Onlooker But then, despite his swelling shed of tailored tools and know- how, there’s all the hobbled things to which he brings no solution but a warm body for looking on, handcuffed as the guy  who turns off the water for the plumber then sits by  crunching little peanuts of small talk about the Braves.     Like lunch with the student  stirred to pour out the backed-up  mess of her parents’ split, or the news story about the next-door town on the other end of the world  who lost its daughters to the blast of an errant missile.
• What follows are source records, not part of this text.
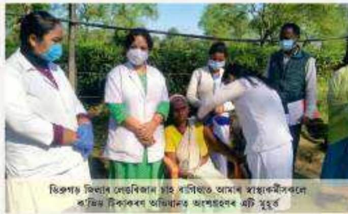
ডিব্ৰুগড় জিলাৰ দেউৰিমান চাই পলিছাত আমাৰ স্বাস্থ্যকৰ্মীসকলে ক’ভিড টিকাকৰণ অভিযানত অংশগ্ৰহণ কৰাৰ মুহূৰ্ত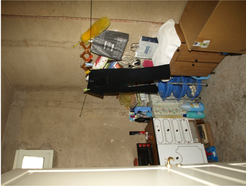
Foto n° 9 – Appartamento sito in Niscemi via G. Pitre n° 15, piano primo – Foglio 36, part. 879, sub 4 – Particolare degli interni dell'appartamento.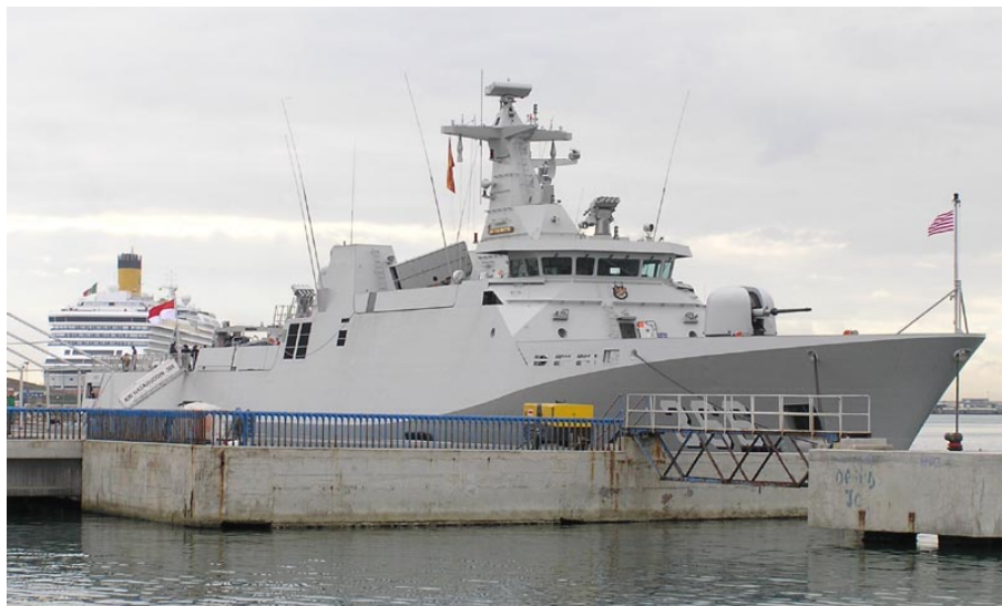
KRI HASANUDDIN , en Málaga el 24 Diciembre 2007

071221 Llega a Málaga en escala técnica la corbeta Indonesia de nueva construcción KRI HASANUDDIN 366: Procedía de Vlissingen y al día siguiente continuó viaje hacia Jakarta

He tears up the shed but there is nothing he can find to fit an end-cap on the live wire of such severings, no one to teach him how to put a declarative end-point on the shrapnel of a whole school of girls dying before their periods. Some fragments insist  to run on and on and on

New Fixture

New Fixture  And having finally gotten down  to climbing up and grounding the green in the junction box,  at last we canned the old canned fixture   and a new light shone in the living  room, our new living room  by the way things seen  in a new light are new things,  like this child of mine I’m forever running after  even as she sits  on the couch across from me, yesterday’s big truck  again pulling up the street and out  of reach as a pigtail dangles  out the back like a power cord.

Repair

Repair Washing machine this week, Sunday last  the nook behind the dishwasher   his self-sized cathedral. Week before that he told his therapist the fear,  the one rolled tight in him  like a snapped Achilles, and in return   the shrink didn’t try to fix it but said  it was good to be said, how he had seen  his own a week ago to say  some things that bore saying, that that was how this thing works.  He doesn’t know how this thing works, the mechanics too tight to see and if he could still well- beyond his expertise, but he knows  he’ll be here again next week in another tight spot, sweating    in the work of repairing  what repairs the dirty dishes,  the growing mound of soiled socks.

Becoming III

Becoming III Maybe it’s as simple as you just start doing the type of things  the person you want to be  does. Maybe those people  who seem to slip so seamlessly  into their skin just took the in- complete on their definition of self and got on with it. Maybe  kindness is the best way to become one of those kind people,  or not speaking so much  a sure step toward the contemplative type. And forgive me, of course it’s never  that simple, but even now  a four-year old bends over  the orange strawberry,  neither one too ripe to quit  willing the other into sweet red.

Foundation Dilemma

Foundation Dilemma  He knows that to really get  under the comforters and tidy up the bed- rock the house must  be stripped like sheets, the fitted one he has  worked so tirelessly to keep  cornered must be utterly de- paired: insulation from sheetrock,  sheetrock from studs,   patched pipes popping  from couplings like cut veins  till nothing remains but a soup  of sewage and what once was dry-   wall. And he’d pray for such a severing storm, even swing  himself the sledge, could he be sure the children  would emerge from the wreckage clear- eyed and assuring they understood how necessary the nightmare to such a crisp, unshakeable morning.